_TASK STATEMENT_:
A faithful copy of the entries, without any pictures, is what is needed here.

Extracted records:
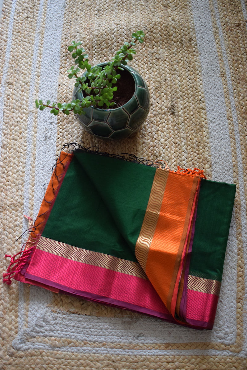 Leaf Green Maheshwari Silk Cotton Saree
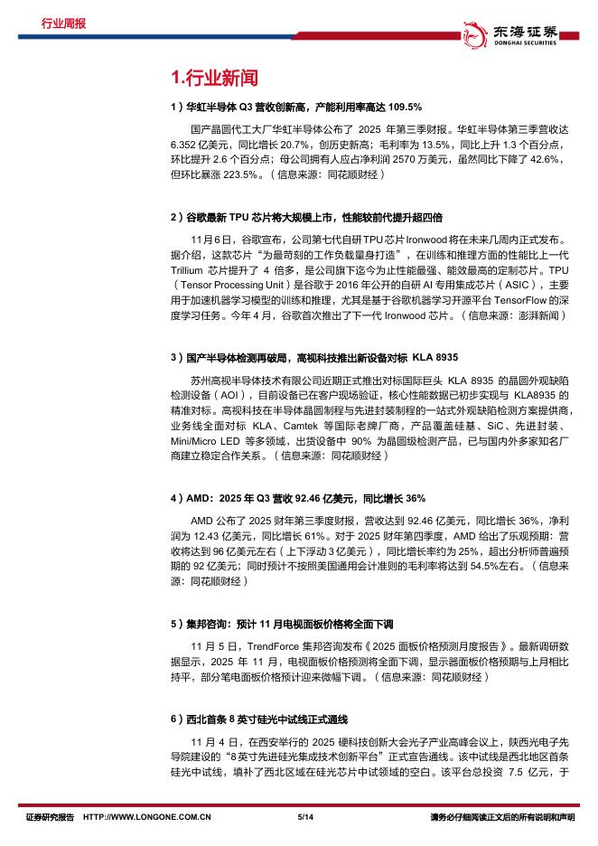 东海证券:电子行业周报:华虹三季度营收创新高,谷歌最新TPU即将上市.pdf
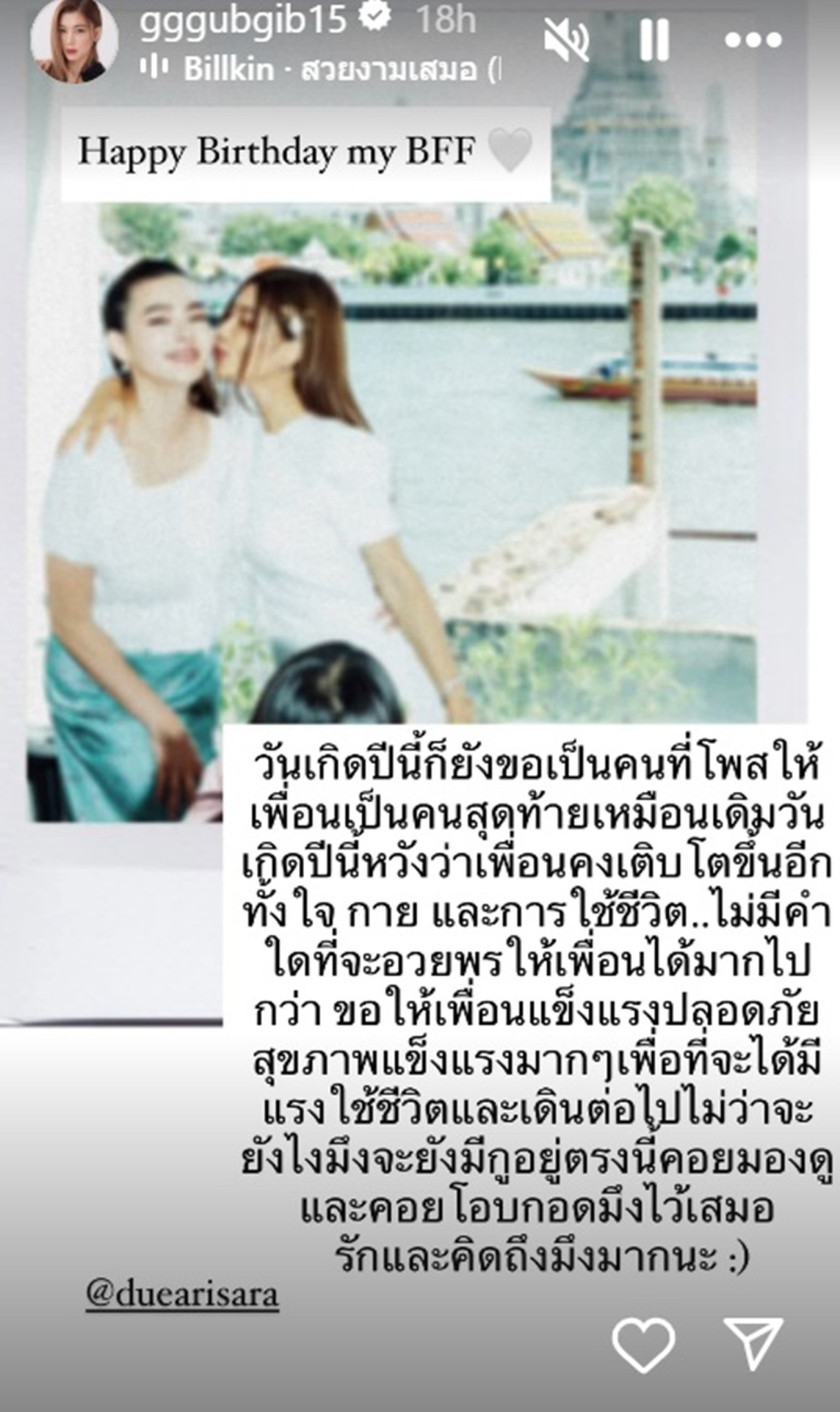เป็นอีกหนึ่งโมเมนต์สุดอบอุ่นที่สะท้อนถึงมิตรภาพแน่นแฟ้นของสองเพื่อนซี้ในวงการบันเทิง “กุ๊บกิ๊บ สุมณทิพย์” และ “ดิว อริสรา” โดยล่าสุดในโอกาสวันคล้ายวันเกิดของสาวดิว เพื่อนรักอย่างกุ๊บกิ๊บก็ไม่พลาดที่จะส่งข้อความซึ้งๆ ผ่านไอจีสตอรี่ @gggubgib15
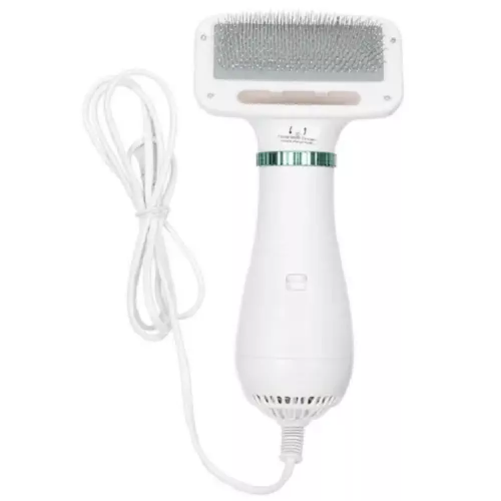 Фен щетка для собак и кошек Pet Grooming Dryer большинство наших любителей домашних животных сталкивались с такой неловкой ситуацией: одна рука держит щетку для волос, другая рука держит фен, а также беспокойство о том, что слишком высокая температура может повредить вашим питомцам.
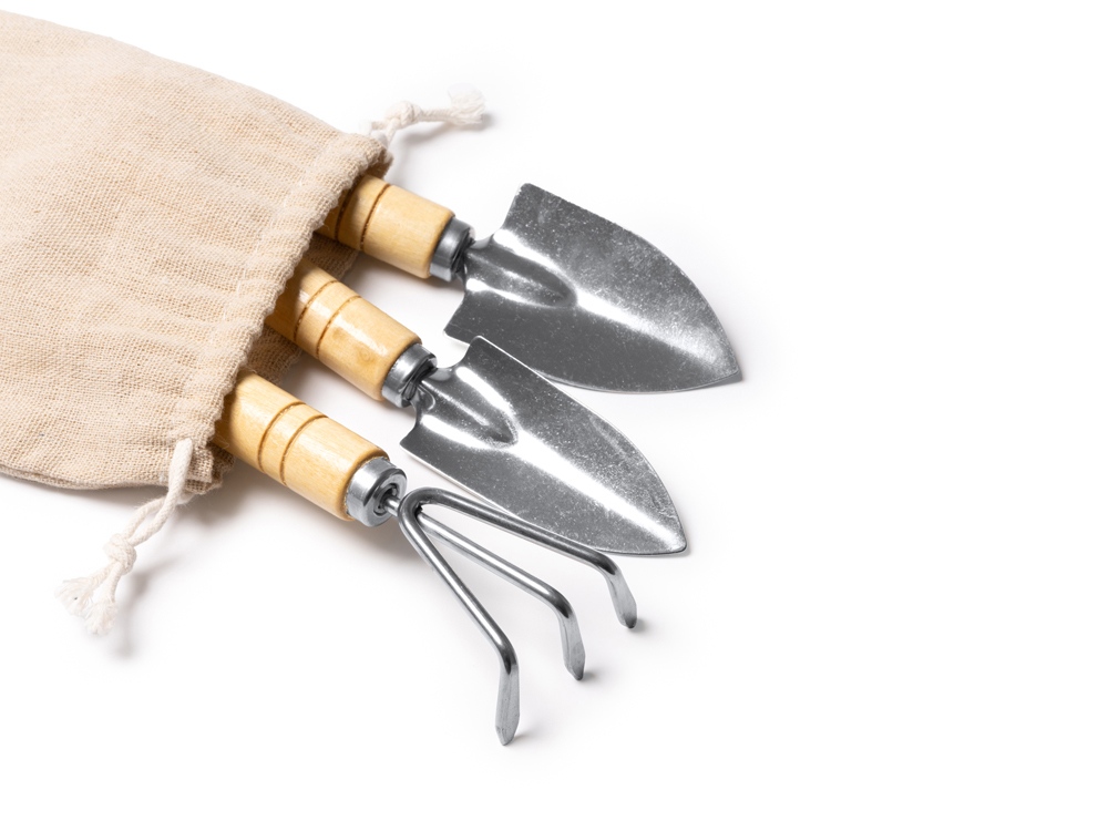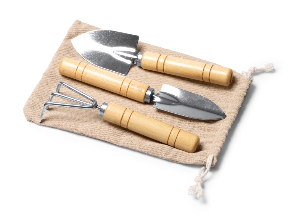 Садовый набор из 3 аксессуаров из нержавеющей стали с бамбуковыми ручками. Включает большую и малую лопатки и грабли. В комплект входит хлопковый мешочек.
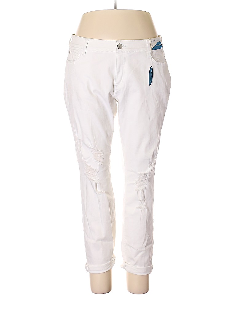 - White, mid rise waist
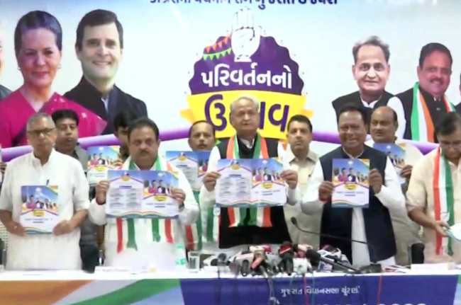 अहमदाबाद में घोषणापत्र जारी करते हुए अशोक गहलोत ने किसानों का कर्ज माफ करने और 300 यूनिट तक फ्री बिजली देने की बात कही। उन्होंने कहा कि कांग्रेस हमेशा से मेनिफेस्टो को महत्व देती है। उन्होंने कहा कि राहुल गांधी ने जो वचन दिए हैं, वो हर हाल में पूरा किया जाएगा। 6 लाख लोगों से पूछकर हमने मेनिफेस्टो बनाया है। इसके साथ बेरोजगार युवाओं को 3000 रुपये बेरोजगारी भत्ता भी दिया जाएगा।अपने घोषणा पत्र में छात्र शिक्षा को लेकर भी वादे किए हैं।
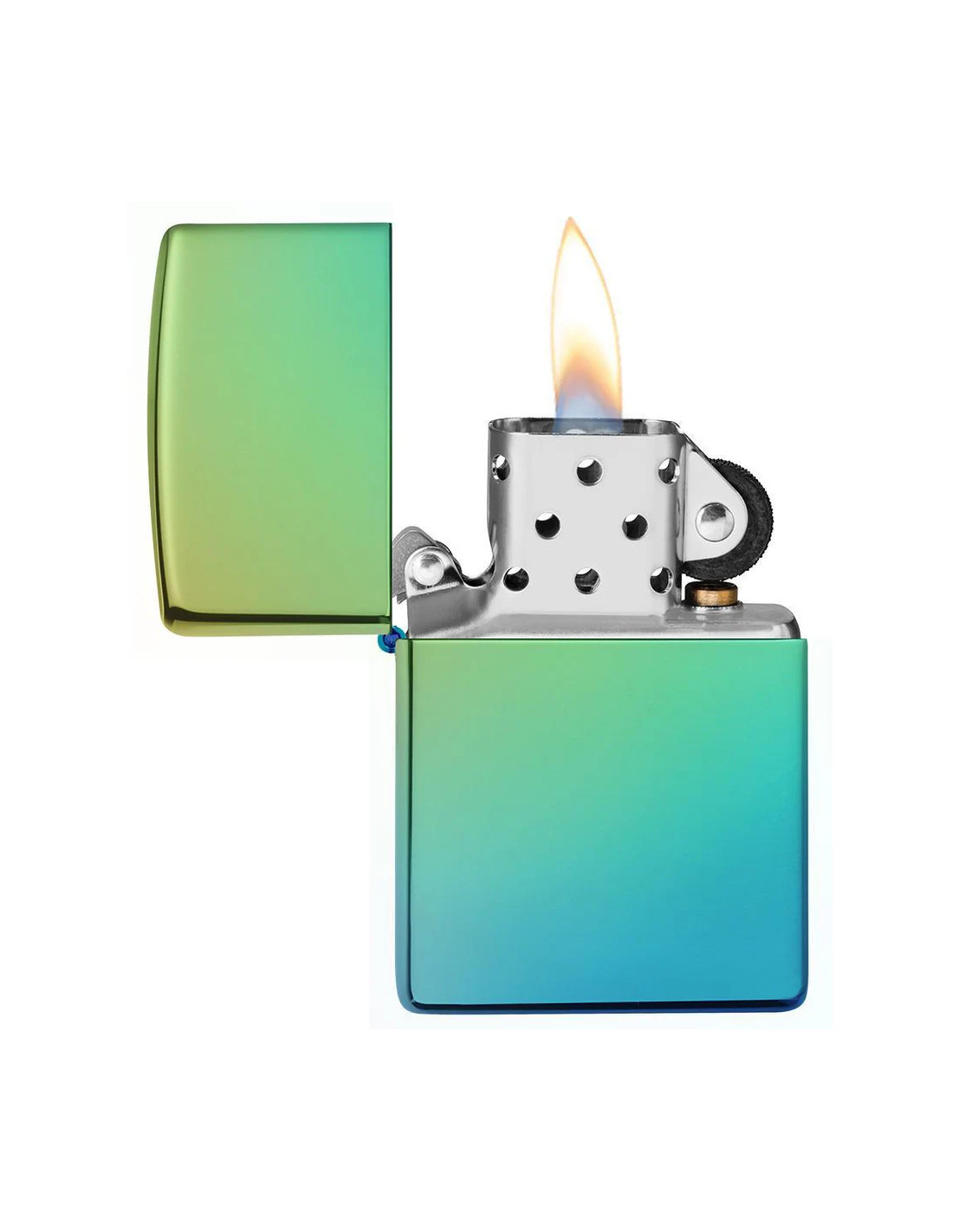 El encendedor fiable Zippo PL49191 High Polish Teal destaca por su acabado brillante y sus colores cambiantes. Su superficie celeste de alto brillo refleja la luz y se transforma en tonos tropicales de amarillo y turquesa caribeño, creando un efecto visual impresionante.
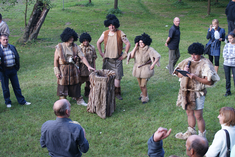 Uczestnicy przebrani w stroje jaskiniowców zostaną przewiezieni samochodzikami FLINSTONÓW w epokę kamienia łupanego. Tam, w prehistorycznej scenerii czekać będzie na przybyszów mnóstwo zabaw i śmiesznych konkurencji, które poprowadzi wielki FRED, a towarzyszyć mu będzie Wilma, wraz z ich nieodłącznymi przyjaciółmi. Wyśmienita zabawa, niesamowita przygoda, a wszystko to uwiecznione na pamiątkowych zdjęciach. Któż nie chciałby mieć zdjęcia z prawdziwym JASKINIOWCEM…?
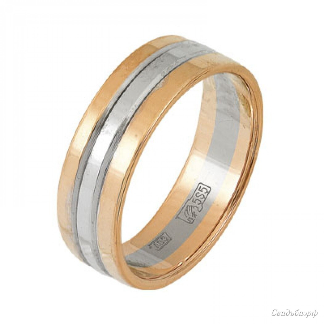 Комбинированное обручальное кольцо выполнено лучшими отечественными ювелирами из жёлтого и белого золота. Серебристая продольная вставка в середине гармонично сочетается с золотистыми краешками. Колечко не перегружено лишним декором, что оценят любители классических форм и элегантного стиля. Красивый символ Вашей вечной любви.
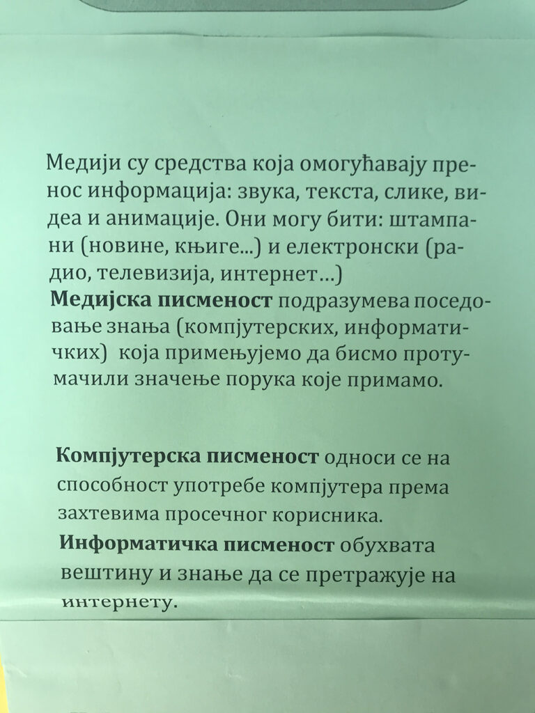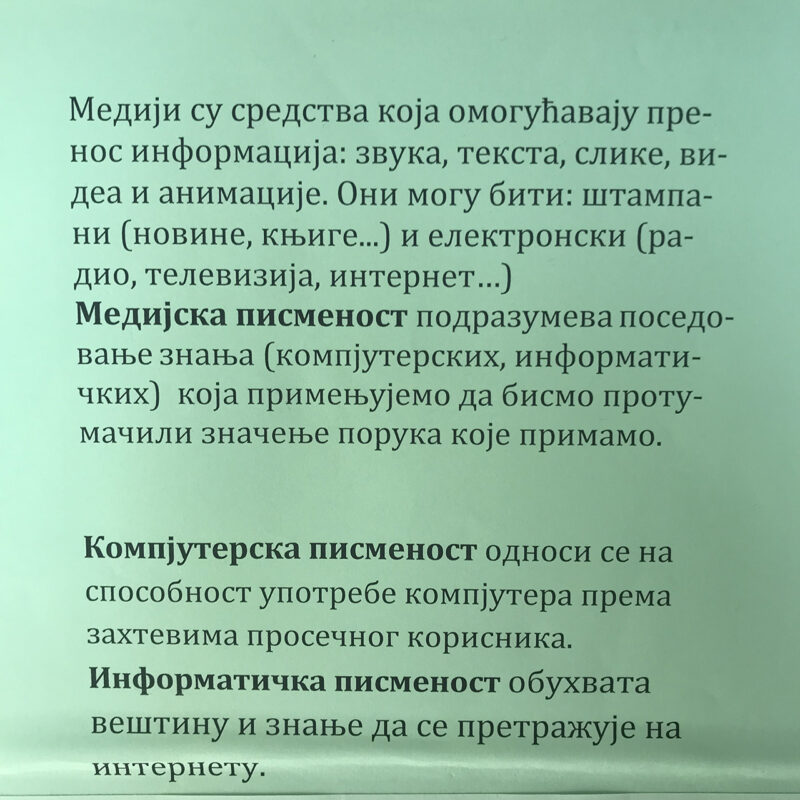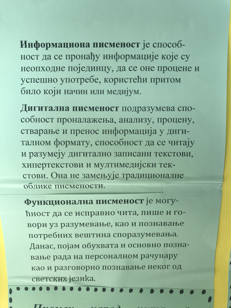 Поводом 8. септембра, Међународног дана писмености, наставница српског језика Ивана Бабић поставила је у холу школе пригодну изложбу.

_ANSWER TO THIS EXERCISE_:
 Leaf Green Maheshwari Silk Cotton Saree
 东海证券:电子行业周报:华虹三季度营收创新高,谷歌最新TPU即将上市.pdf
เป็นอีกหนึ่งโมเมนต์สุดอบอุ่นที่สะท้อนถึงมิตรภาพแน่นแฟ้นของสองเพื่อนซี้ในวงการบันเทิง “กุ๊บกิ๊บ สุมณทิพย์” และ “ดิว อริสรา” โดยล่าสุดในโอกาสวันคล้ายวันเกิดของสาวดิว เพื่อนรักอย่างกุ๊บกิ๊บก็ไม่พลาดที่จะส่งข้อความซึ้งๆ ผ่านไอจีสตอรี่ @gggubgib15
 Фен щетка для собак и кошек Pet Grooming Dryer большинство наших любителей домашних животных сталкивались с такой неловкой ситуацией: одна рука держит щетку для волос, другая рука держит фен, а также беспокойство о том, что слишком высокая температура может повредить вашим питомцам.
 Садовый набор из 3 аксессуаров из нержавеющей стали с бамбуковыми ручками. Включает большую и малую лопатки и грабли. В комплект входит хлопковый мешочек.
 - White, mid rise waist
 अहमदाबाद में घोषणापत्र जारी करते हुए अशोक गहलोत ने किसानों का कर्ज माफ करने और 300 यूनिट तक फ्री बिजली देने की बात कही। उन्होंने कहा कि कांग्रेस हमेशा से मेनिफेस्टो को महत्व देती है। उन्होंने कहा कि राहुल गांधी ने जो वचन दिए हैं, वो हर हाल में पूरा किया जाएगा। 6 लाख लोगों से पूछकर हमने मेनिफेस्टो बनाया है। इसके साथ बेरोजगार युवाओं को 3000 रुपये बेरोजगारी भत्ता भी दिया जाएगा।अपने घोषणा पत्र में छात्र शिक्षा को लेकर भी वादे किए हैं।
 El encendedor fiable Zippo PL49191 High Polish Teal destaca por su acabado brillante y sus colores cambiantes. Su superficie celeste de alto brillo refleja la luz y se transforma en tonos tropicales de amarillo y turquesa caribeño, creando un efecto visual impresionante.
 Uczestnicy przebrani w stroje jaskiniowców zostaną przewiezieni samochodzikami FLINSTONÓW w epokę kamienia łupanego. Tam, w prehistorycznej scenerii czekać będzie na przybyszów mnóstwo zabaw i śmiesznych konkurencji, które poprowadzi wielki FRED, a towarzyszyć mu będzie Wilma, wraz z ich nieodłącznymi przyjaciółmi. Wyśmienita zabawa, niesamowita przygoda, a wszystko to uwiecznione na pamiątkowych zdjęciach. Któż nie chciałby mieć zdjęcia z prawdziwym JASKINIOWCEM…?
 Комбинированное обручальное кольцо выполнено лучшими отечественными ювелирами из жёлтого и белого золота. Серебристая продольная вставка в середине гармонично сочетается с золотистыми краешками. Колечко не перегружено лишним декором, что оценят любители классических форм и элегантного стиля. Красивый символ Вашей вечной любви.
 Поводом 8. септембра, Међународног дана писмености, наставница српског језика Ивана Бабић поставила је у холу школе пригодну изложбу.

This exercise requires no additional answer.